- Born: Rachel Crane Rich February 5, 1823 Troy, New Hampshire, US
- Died: February 11, 1903 (aged 79) Deep River, Connecticut
- Occupation: Educator
- Known for: Founding the Mather School
- Spouse(s): Joseph Higgins Mather, Jr.
- Children: Joseph Higgins Mather III, Samuel Webb Mather
- Parent: Ezekiel Rich

= Rachel Crane Mather =

American educator

Rachel Crane Rich Mather (February 5, 1823 – February 11, 1903) established the Mather School for daughters of freed slaves in 1867 in South Carolina. The school eventually became the Technical College of the Lowcountry.

==Biography==
Rachel Crane Mather was the sixth of nine children born to Christian missionaries living in New Hampshire in 1823. Her father, Ezekiel Rich, was a Congregational minister. Rachel worked as a teacher in Boston, and in 1846 married a Baptist minister named Joseph Higgins Mather, Jr. in Rhode Island. They had two sons, but a just few years after marrying, her husband and their youngest son Samuel both died.

Mather believed that God wanted her to help freed slaves, and was assigned by the American Missionary Association to teach at a normal school for freed slaves in Beaufort, South Carolina. She was especially heartbroken over the many orphans she saw, whose parents had often been sold or shipped elsewhere, and who were living in the streets with no access to food or education.

After a year of teaching for the AMA, she founded the Mather School of Beaufort, which opened in 1868, during America's Reconstruction Period, with Mather serving as principal. The school provided housing, food, and clothing in addition to education such as reading, grammar, math, housekeeping skills, and "moral development" with a curriculum centered around the Bible. The Mather School was supported financially by the Woman's American Baptist Home Mission Society. It began with a focus on elementary-aged girls, but expanded to middle school, high school, and college as time went on. The school was one of the pioneering schools for teaching former slaves and their children, and provided a "rigorous and character-building experience", according to Dr. Lucy Reuben who attended the school.

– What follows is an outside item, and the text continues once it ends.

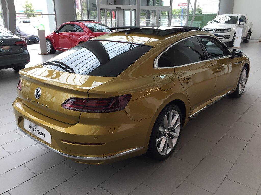Bizim galeride inceleme fırsatı bulduğumuz araçların her ikisinde de 2.0lt turbo-dizel 150ps gücünde motor vardı vardı ve ayrıca Elegance donanıma sahiptiler. Bir tanesinin dışı Atlantik mavisi ve koltukları da açık gri alcantara-siyah deri kombinasyonuna sahipken diğeri lansman rengi olan metalik Turmerik sarısı renkte ve gri-siyah çift renk deri koltuklu olarak yer alıyordu. Mavi olan geri görüş kamerası ve panoramik cam tavan ile 295.885TL liste fiyatına sahipti ve diğer seçenek de yaklaşık 315.000TL etikete sahipti. Kısacası her 2 şekilde de karşımızda en az 300.000TL değerinde araçlar duruyordu. VW satış yetkilileri ile yaptığımız görüşme sonunda ise Arteon için %2-%4 aralığında indirim yaptıklarını öğrendik.

The school continued until 1968, at which point it was sold to the state of South Carolina. The school eventually became the Technical College of the Lowcountry.

In 2017, the Mather Interpretive Center, housed in the school's former library, opened in Beaufort to preserve the history of the school and its founder. Greg Rawls, a Beaufort Arts Council member, said regarding the opening: "This is an amazing story that people just don't seem to know about... What we want is for this Beaufort story to be more than just a sign by the road."

Thomas Leitzel, president of the Technical College of the Lowcountry, called Mather a "hero with a vision and commitment to making life better through education."